-- DATA FOR THE TASK --
────────────────
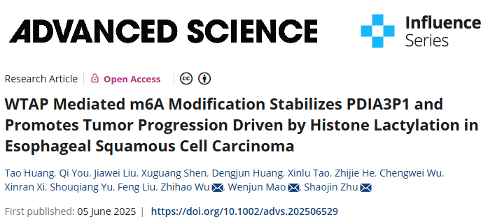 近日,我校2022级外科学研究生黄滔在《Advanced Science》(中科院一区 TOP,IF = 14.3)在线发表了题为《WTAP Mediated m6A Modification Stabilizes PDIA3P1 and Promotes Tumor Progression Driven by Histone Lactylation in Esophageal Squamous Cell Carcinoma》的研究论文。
────────────────
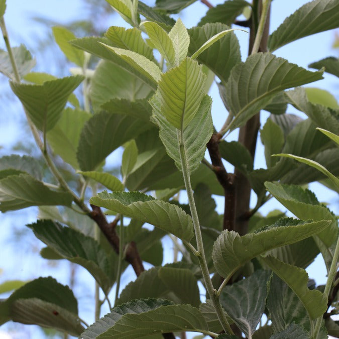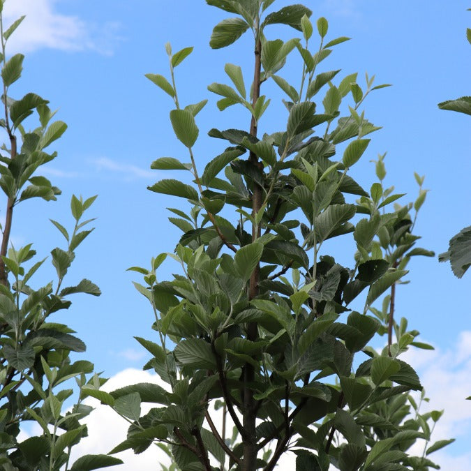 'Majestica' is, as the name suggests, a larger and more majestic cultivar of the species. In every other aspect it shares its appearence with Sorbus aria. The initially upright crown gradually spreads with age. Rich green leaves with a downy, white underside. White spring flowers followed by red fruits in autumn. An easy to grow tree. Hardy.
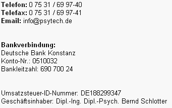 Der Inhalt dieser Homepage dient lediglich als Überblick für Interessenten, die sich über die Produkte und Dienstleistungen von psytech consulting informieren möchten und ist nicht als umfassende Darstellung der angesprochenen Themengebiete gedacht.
────────────────
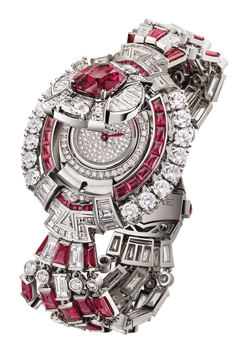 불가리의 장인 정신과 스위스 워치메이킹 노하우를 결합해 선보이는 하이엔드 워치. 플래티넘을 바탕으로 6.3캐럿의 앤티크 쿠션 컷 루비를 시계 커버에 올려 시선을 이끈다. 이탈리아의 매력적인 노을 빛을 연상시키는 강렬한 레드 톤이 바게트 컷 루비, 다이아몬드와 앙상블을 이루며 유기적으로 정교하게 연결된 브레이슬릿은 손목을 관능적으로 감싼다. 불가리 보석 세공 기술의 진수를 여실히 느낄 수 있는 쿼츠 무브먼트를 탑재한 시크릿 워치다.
────────────────
-- EXERCISE --
Would you copy, word for word, only the lines above from the one containing "grow tree. Hardy." through the one containing "Der Inhalt dieser", both included, and please leave out the pictures?

-- SOLUTION FOR THIS PROBLEM --
 'Majestica' is, as the name suggests, a larger and more majestic cultivar of the species. In every other aspect it shares its appearence with Sorbus aria. The initially upright crown gradually spreads with age. Rich green leaves with a downy, white underside. White spring flowers followed by red fruits in autumn. An easy to grow tree. Hardy.
 Der Inhalt dieser Homepage dient lediglich als Überblick für Interessenten, die sich über die Produkte und Dienstleistungen von psytech consulting informieren möchten und ist nicht als umfassende Darstellung der angesprochenen Themengebiete gedacht.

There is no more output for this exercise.